• **Provided data**:
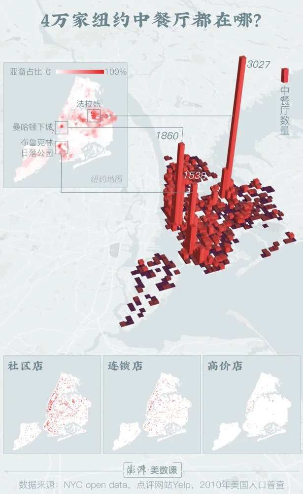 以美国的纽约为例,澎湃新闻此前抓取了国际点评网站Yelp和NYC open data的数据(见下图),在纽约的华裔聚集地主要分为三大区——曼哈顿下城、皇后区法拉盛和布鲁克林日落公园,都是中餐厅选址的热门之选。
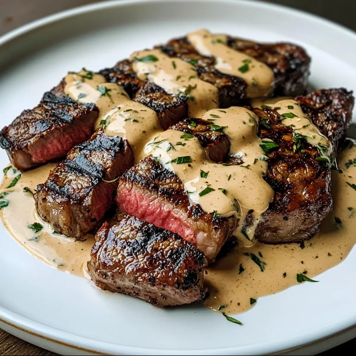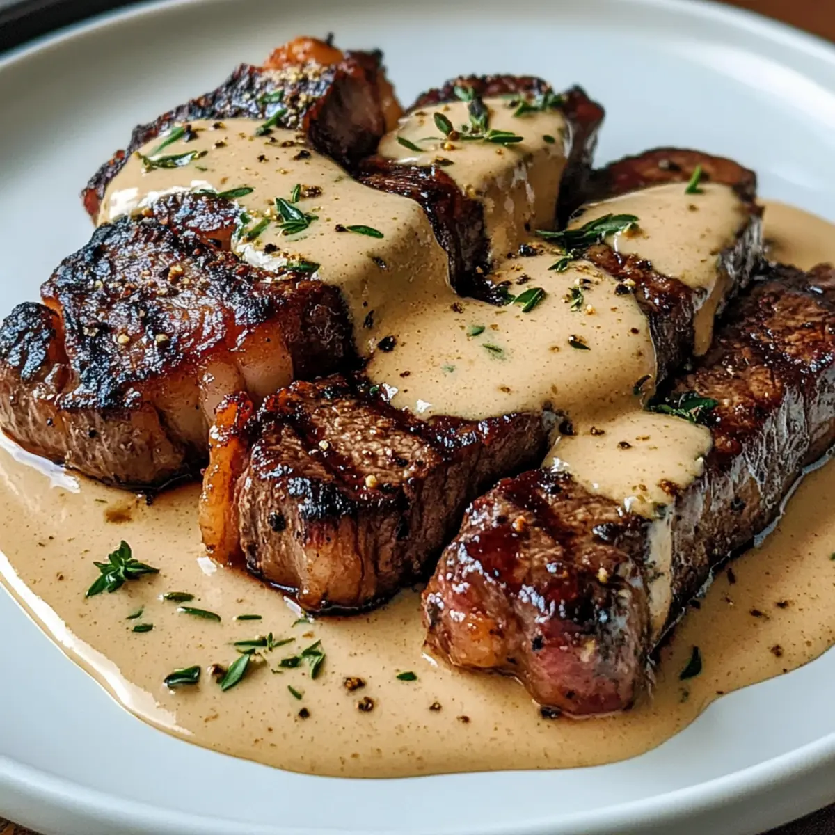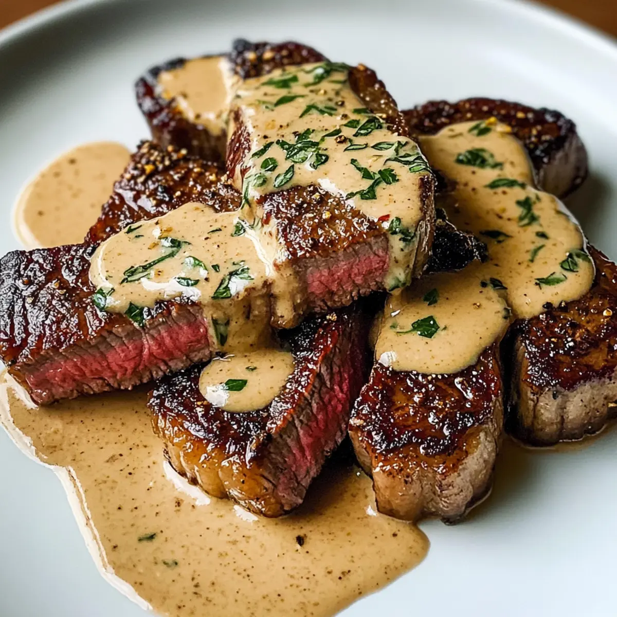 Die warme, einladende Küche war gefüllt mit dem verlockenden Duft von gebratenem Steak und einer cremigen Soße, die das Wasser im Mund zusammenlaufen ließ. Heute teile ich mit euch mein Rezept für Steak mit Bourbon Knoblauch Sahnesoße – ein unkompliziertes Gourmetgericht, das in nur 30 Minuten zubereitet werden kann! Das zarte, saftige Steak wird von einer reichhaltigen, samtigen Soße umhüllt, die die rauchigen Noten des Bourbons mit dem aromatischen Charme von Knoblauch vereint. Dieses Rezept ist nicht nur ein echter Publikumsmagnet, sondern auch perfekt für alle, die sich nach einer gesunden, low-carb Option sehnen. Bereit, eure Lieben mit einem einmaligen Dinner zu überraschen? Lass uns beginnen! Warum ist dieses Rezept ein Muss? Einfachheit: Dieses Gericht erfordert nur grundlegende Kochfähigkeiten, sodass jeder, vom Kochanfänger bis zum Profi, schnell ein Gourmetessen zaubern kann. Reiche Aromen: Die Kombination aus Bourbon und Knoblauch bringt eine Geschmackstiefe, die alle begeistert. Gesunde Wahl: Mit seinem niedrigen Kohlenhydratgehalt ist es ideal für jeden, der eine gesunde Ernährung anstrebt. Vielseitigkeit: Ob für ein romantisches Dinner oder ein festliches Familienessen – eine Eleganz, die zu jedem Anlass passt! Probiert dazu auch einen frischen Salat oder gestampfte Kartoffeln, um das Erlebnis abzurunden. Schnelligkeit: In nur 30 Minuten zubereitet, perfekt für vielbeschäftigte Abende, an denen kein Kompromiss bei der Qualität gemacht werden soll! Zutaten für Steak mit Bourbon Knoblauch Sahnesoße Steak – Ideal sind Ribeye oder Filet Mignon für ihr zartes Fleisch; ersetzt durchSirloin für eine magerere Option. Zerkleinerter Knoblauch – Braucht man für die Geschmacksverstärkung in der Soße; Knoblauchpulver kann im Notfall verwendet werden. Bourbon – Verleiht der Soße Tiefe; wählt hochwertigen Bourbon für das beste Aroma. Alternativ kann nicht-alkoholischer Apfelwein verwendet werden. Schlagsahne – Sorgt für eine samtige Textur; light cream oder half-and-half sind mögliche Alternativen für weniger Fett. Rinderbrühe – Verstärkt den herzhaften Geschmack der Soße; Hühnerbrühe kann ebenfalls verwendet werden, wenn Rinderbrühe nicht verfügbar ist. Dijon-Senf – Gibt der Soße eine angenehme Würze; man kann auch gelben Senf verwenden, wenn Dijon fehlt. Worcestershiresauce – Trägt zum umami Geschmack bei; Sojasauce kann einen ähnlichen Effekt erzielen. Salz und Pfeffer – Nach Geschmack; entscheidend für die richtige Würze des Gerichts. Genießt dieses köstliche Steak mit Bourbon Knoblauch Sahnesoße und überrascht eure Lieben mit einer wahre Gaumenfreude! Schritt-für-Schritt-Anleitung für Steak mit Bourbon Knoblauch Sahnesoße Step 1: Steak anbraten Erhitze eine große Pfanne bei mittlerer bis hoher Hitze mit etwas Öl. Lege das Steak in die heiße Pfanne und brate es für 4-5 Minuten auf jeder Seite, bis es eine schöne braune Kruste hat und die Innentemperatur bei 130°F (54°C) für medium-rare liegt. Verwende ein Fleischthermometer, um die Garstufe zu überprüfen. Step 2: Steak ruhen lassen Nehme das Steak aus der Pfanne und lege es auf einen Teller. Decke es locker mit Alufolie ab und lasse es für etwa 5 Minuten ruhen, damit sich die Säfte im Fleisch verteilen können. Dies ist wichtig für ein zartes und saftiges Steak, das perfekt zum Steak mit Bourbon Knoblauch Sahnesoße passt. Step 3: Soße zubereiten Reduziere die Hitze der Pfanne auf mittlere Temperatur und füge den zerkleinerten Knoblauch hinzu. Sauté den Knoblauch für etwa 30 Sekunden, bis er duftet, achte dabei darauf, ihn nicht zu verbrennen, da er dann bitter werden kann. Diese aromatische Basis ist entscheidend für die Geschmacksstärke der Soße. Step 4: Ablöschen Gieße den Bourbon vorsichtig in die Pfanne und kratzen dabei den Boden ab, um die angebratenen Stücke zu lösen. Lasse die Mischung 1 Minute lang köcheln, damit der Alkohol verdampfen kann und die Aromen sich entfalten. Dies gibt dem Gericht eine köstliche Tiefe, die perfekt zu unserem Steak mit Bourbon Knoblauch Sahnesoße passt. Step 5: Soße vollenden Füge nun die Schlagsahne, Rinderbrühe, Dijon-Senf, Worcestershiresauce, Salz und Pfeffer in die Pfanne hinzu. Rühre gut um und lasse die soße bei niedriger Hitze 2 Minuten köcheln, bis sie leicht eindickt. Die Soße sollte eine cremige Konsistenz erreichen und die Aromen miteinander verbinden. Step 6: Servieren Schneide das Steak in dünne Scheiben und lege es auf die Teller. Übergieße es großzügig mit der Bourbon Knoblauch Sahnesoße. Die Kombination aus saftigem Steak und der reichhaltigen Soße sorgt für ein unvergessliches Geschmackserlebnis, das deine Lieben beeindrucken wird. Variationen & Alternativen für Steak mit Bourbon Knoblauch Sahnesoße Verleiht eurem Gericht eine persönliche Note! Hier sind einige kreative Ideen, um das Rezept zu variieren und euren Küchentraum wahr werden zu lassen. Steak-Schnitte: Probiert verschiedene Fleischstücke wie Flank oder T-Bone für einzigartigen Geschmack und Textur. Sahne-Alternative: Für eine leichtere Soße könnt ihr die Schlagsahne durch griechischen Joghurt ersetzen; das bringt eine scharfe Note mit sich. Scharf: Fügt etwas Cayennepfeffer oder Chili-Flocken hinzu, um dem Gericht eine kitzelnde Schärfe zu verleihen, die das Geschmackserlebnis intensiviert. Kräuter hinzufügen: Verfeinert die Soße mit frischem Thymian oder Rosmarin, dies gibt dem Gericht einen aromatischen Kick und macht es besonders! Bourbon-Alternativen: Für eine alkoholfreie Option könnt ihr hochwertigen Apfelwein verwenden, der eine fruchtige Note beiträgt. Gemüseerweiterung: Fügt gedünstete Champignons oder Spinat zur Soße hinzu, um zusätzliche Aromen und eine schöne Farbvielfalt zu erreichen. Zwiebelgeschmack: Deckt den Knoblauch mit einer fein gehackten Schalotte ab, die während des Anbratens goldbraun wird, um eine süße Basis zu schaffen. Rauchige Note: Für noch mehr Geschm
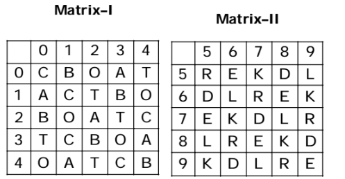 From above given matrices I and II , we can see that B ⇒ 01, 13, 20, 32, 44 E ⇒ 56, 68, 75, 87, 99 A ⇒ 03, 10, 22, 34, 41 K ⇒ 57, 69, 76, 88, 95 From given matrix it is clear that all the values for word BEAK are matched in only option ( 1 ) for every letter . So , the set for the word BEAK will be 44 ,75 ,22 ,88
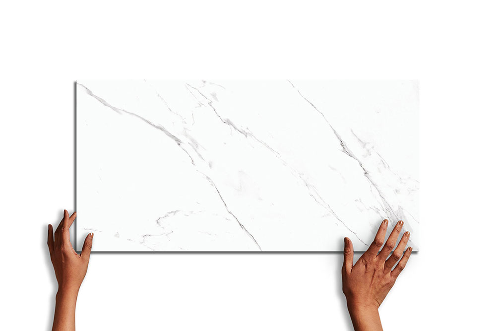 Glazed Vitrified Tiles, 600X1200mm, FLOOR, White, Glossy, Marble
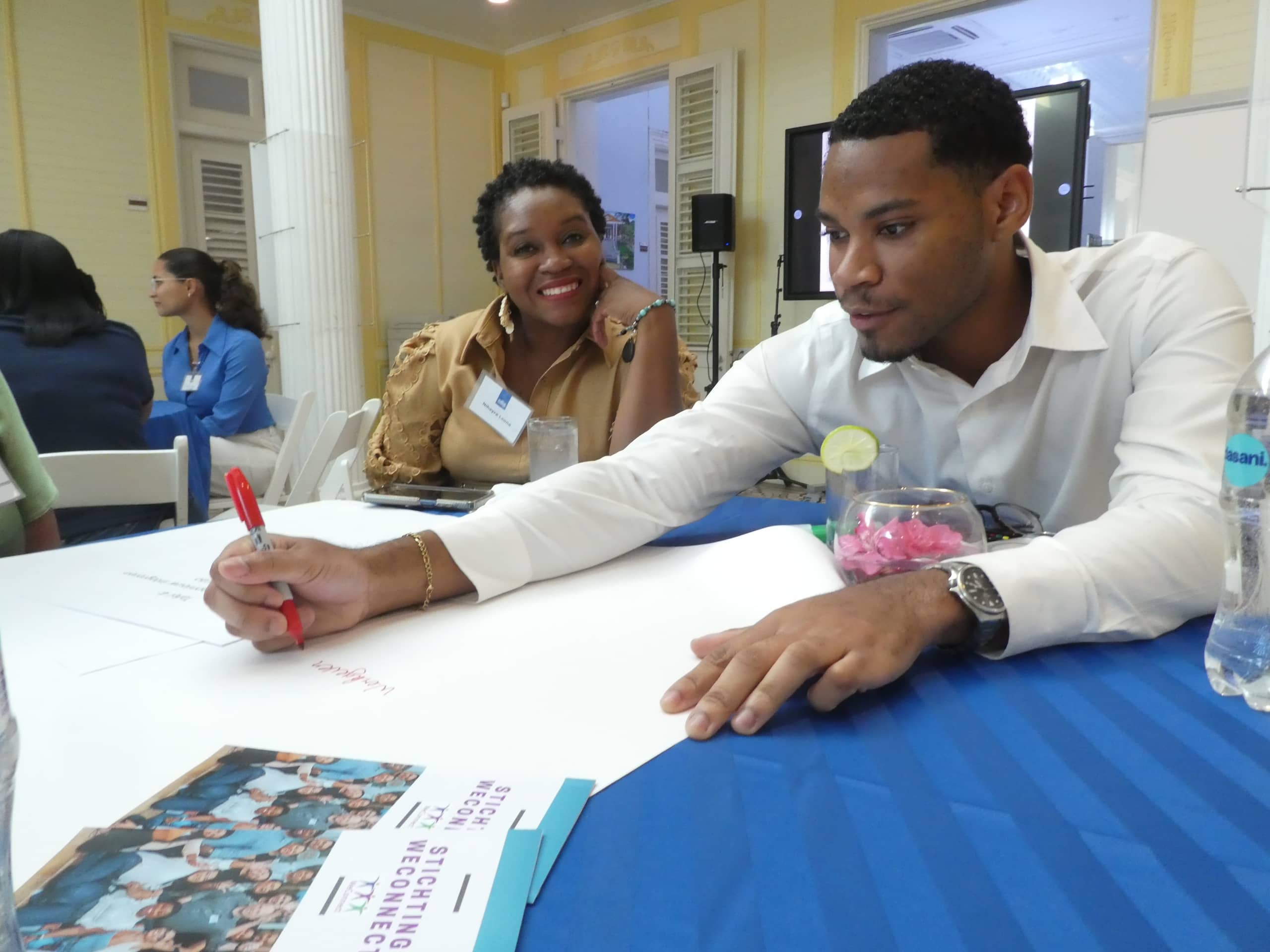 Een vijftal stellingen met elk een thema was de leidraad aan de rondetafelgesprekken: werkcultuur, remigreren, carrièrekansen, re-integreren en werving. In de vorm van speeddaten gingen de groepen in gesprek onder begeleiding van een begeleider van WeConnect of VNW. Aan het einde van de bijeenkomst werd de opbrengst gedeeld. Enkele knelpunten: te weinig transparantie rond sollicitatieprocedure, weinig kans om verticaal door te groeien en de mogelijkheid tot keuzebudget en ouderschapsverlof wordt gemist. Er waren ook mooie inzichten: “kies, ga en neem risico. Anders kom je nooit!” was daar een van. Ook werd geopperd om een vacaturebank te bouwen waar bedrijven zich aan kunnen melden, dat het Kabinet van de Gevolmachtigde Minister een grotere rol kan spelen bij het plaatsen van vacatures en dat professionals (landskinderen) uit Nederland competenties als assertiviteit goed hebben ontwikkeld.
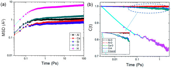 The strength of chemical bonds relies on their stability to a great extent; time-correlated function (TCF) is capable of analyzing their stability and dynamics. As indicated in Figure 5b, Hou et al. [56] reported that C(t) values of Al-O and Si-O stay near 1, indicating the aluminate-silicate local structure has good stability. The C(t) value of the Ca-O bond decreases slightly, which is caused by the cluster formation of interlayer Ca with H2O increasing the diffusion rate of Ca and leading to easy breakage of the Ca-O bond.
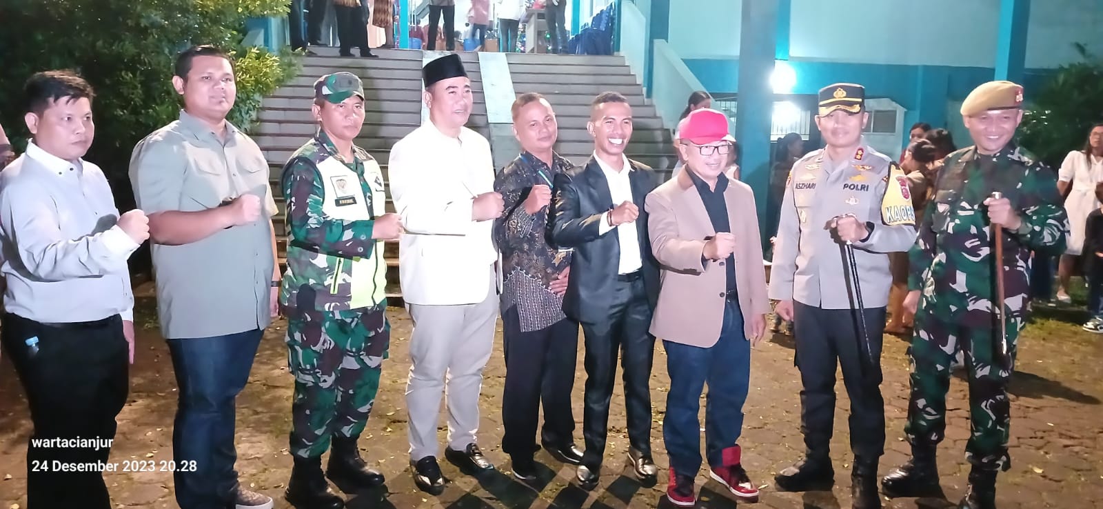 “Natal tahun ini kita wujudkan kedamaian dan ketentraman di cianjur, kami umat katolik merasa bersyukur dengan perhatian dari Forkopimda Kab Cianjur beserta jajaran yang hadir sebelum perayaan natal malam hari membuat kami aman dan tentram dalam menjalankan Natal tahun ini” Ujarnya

• **What you should do**:
What to print is the stretch of entries from the line with "Glazed Vitrified Tiles, 600X1200mm, FLOOR, White, Glossy, Marble" up to and including the line with "Een vijftal stellingen". Please print it exactly and leave out the pictures.

• **Task answer**:
 Glazed Vitrified Tiles, 600X1200mm, FLOOR, White, Glossy, Marble
 Een vijftal stellingen met elk een thema was de leidraad aan de rondetafelgesprekken: werkcultuur, remigreren, carrièrekansen, re-integreren en werving. In de vorm van speeddaten gingen de groepen in gesprek onder begeleiding van een begeleider van WeConnect of VNW. Aan het einde van de bijeenkomst werd de opbrengst gedeeld. Enkele knelpunten: te weinig transparantie rond sollicitatieprocedure, weinig kans om verticaal door te groeien en de mogelijkheid tot keuzebudget en ouderschapsverlof wordt gemist. Er waren ook mooie inzichten: “kies, ga en neem risico. Anders kom je nooit!” was daar een van. Ook werd geopperd om een vacaturebank te bouwen waar bedrijven zich aan kunnen melden, dat het Kabinet van de Gevolmachtigde Minister een grotere rol kan spelen bij het plaatsen van vacatures en dat professionals (landskinderen) uit Nederland competenties als assertiviteit goed hebben ontwikkeld.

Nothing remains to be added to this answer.